A weight change in adults requires evaluation for potential secondary causes if the loss or gain of total body weight cannot be attributed to purposeful alterations in diet or activity. There are few data, however, to specify the exact weight change that is clinically significant. Weight loss is considerably more indicative of underlying pathology than is weight gain. For example, a minimum loss of 7% of body weight in less than 6 months represents a potentially serious symptom. As the loss or gain approaches 25% of body weight, morbidity and mortality rise more rapidly regardless of the cause.

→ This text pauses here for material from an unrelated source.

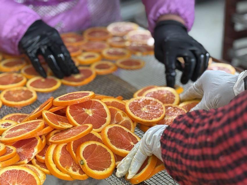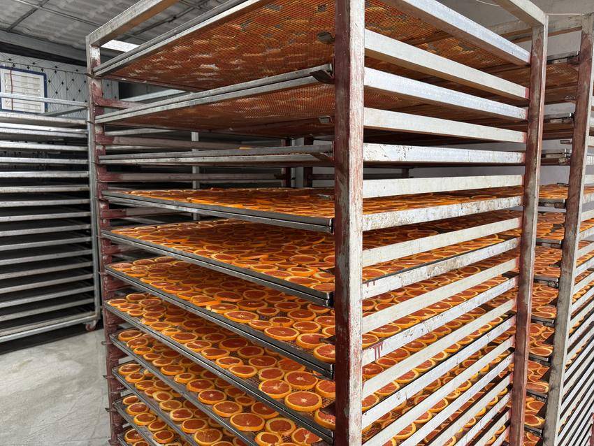 自2024年5月投产以来,加工厂已累计收购鲜橙300吨。每8斤鲜橙可烘制成1斤柑橘片,产品通过订单模式稳定外销。其中品质优良的柑橘片作为香料出口至英国、意大利、瑞典等地,其余则成为各类果茶原料,市场反响良好。该项目已为附近村民提供13个常年就业岗位,并逐步构建起“种植——收购—加工—销售”一体化产业链,实现群众增收与产业升级双赢。

Weight loss or gain in our society has major financial and medical implications, as witnessed by the plethora of popular diets and the relationship of weight change to health and disease. Thus the patient often volunteers information in this area and presents more frequently with complaints of weight gain rather than loss. Initially, by an open-ended question, the patient should be asked to describe the weight change and the circumstances surrounding it. The most important subsequent details are the usual weight, present weight, the time course of the weight change, and any changes in appetite. If the patient is not sure of these crucial components, it is often helpful to ask about a change in dress or belt size, or weights at memorable events such as graduation, marriage, military service, and vacation times. In some instances, relatives and friends may need to be questioned to expand or confirm areas of uncertainty.

Once a weight change is established, the percentage change from the previous body weight as well as "ideal body weight" should be recorded, along with the time span. Subsequent questions should ascertain any predominant body location of the weight change. For example, primary changes in body fluid are often first noticed in the periphery. Information about changes in body fluid or tissue mass can also be obtained from a thorough nutritional assessment. Dietary questions need to be specific, such as the number and kinds of meals recently and routinely consumed; this information should be obtained from the patient and, when possible, from the individual who usually prepares the meals. Also important are snacks, alcohol consumption, and the socioeconomic environment. In the elderly and handicapped, the inability to obtain, properly refrigerate, and cook food may be major contributors to malnutrition.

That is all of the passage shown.